There are two triangles ABC and XYZ, ABC congruent to XYZ. XYZ is out side of ABC. Suppose D is mid point AX, E midpoint BY, and F midpoint CZ. Prove D, E, F is colinear.

It is because I can form a parallelogram which can be proven easier... If one of the triangles is rotated other than 180 degrees then the contradicting proof is done by the distance formula for the midpoints in which they are not collinear when rotated other than 180 degrees.

Without loss of generality, let triangle XYZ be rotated 180 degrees. We will be able to form a parallelogram AYXB for easier proving.
(This also work with other figures as long as one of the traingles is rotated 180 degrees.)

By coordinates:
Let B = (0,0), A = ((x(1), y(1)), C = (x(2), 0), Z = (x(3), y(1)), X = (x(4),0), and Y = (x(5), y(1)).

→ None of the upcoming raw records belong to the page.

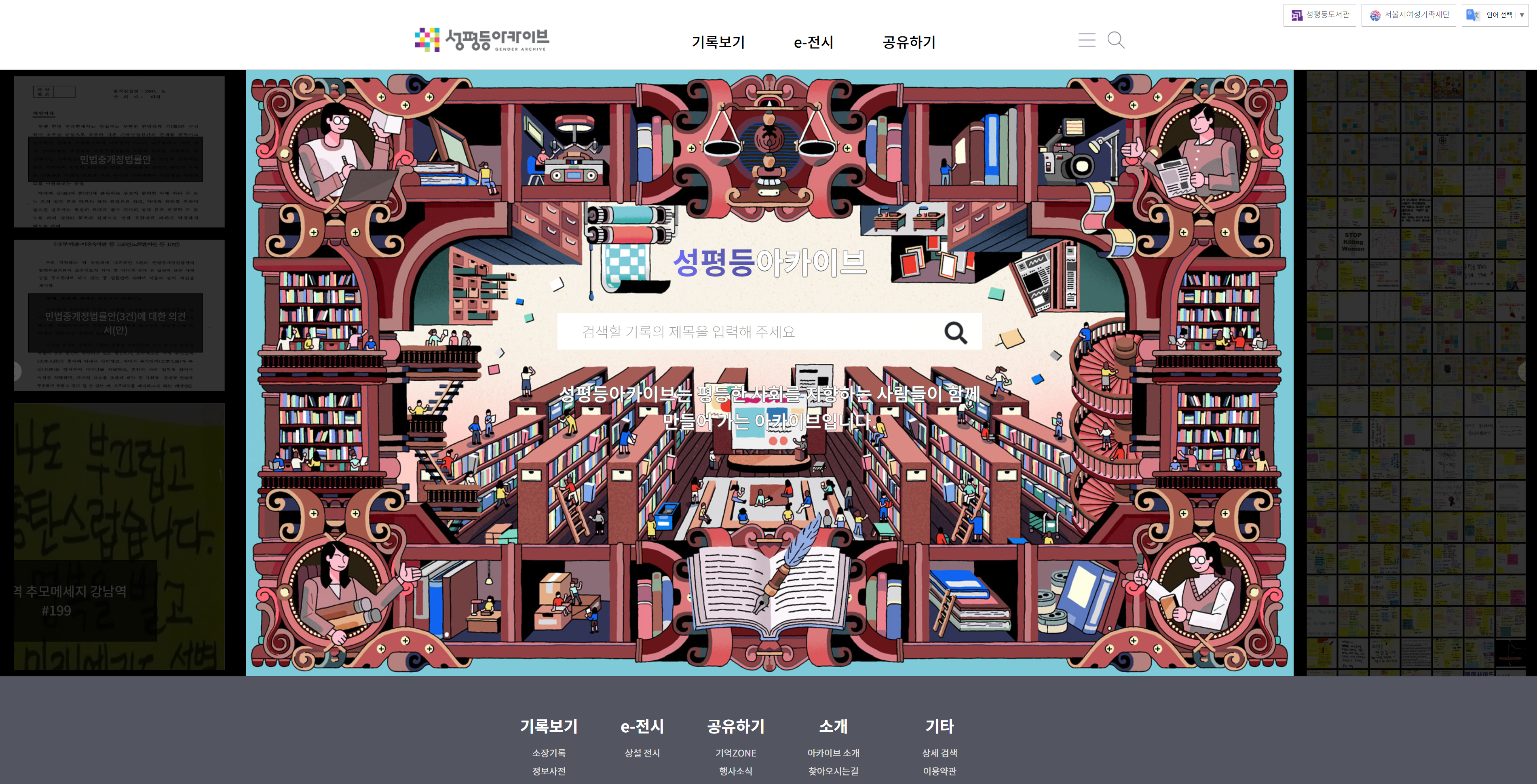 성평등아카이브는 다양한 형태의 성평등 기록을 시민들이 보다 친근하게 만나고 쉽게 활용하기를 바랍니다. 성평등 관점에서 과거를 재해석하고 시민들이 기증한 기록과 자료를 재구성하여 전시로 선보입니다. 누구나 참여하여 성평등 활동을 남길 수 있습니다."
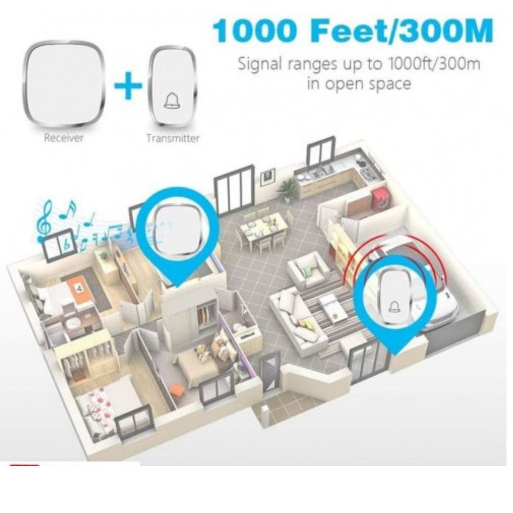 BEL-002 Wireless Doorbell Waterproof Door Bell House LED Light 36 Nada / Ringtones Bel Pintu Rumah
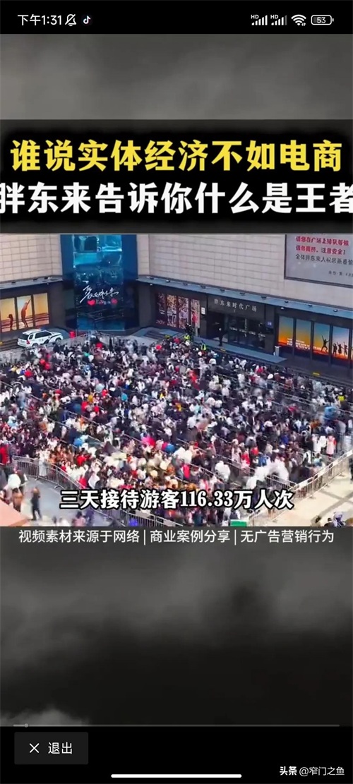 三天接待游客116.3万次。是的!胖东来顾客不叫顾客叫“游客”。不能用爆满形容,因为门口外也是爆满,胖东来直接变成4A级景区。

Suppose we find D, E, and F.
D = ([x(1) + x(4)]/2, y(1)/2)
E = (x(5)/2, y(1)/2)
F = ([x(3)+x(2)]/2, y(1)/2)

By distance formula:
DE = [x(1) + x(4) - x(5)]/2
EF = [x(5) - x(3) - x(2)]/2
DF = [x(3) + x(2) - x(1) - x(4)]/2

Note that the points D, E, and F are coinciding because the diagonals AX and BY share the same midpoint as well as the segments AX and CZ which implies that DE + EF + DF = 2DF = 0. By segment addition postulate, the points are collinear and at the same time coinciding.

P.S. I don't know how to type Latex. Also, I used this time the right correspondences compared to the earlier post.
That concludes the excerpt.